__Description of the task__: Each line in the records below, from the one that contains "超強(qiáng)氧化還原廢" to the one that contains "The issue I", should be reproduced exactly, the first and last included.

[Excerpted data]

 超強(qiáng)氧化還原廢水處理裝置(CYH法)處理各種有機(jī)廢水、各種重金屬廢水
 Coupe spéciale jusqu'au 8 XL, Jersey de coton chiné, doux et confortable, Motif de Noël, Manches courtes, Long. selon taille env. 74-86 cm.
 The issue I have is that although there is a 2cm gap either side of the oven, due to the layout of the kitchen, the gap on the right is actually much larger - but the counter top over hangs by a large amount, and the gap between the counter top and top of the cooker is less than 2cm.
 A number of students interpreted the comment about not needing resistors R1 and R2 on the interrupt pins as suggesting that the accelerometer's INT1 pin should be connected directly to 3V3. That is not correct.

[/Excerpted data]
[Excerpted data]

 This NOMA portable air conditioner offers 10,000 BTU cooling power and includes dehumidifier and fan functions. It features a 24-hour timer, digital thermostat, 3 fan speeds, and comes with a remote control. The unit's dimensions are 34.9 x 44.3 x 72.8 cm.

[/Excerpted data]

__Result for this exercise__:
 超強(qiáng)氧化還原廢水處理裝置(CYH法)處理各種有機(jī)廢水、各種重金屬廢水
 Coupe spéciale jusqu'au 8 XL, Jersey de coton chiné, doux et confortable, Motif de Noël, Manches courtes, Long. selon taille env. 74-86 cm.
 The issue I have is that although there is a 2cm gap either side of the oven, due to the layout of the kitchen, the gap on the right is actually much larger - but the counter top over hangs by a large amount, and the gap between the counter top and top of the cooker is less than 2cm.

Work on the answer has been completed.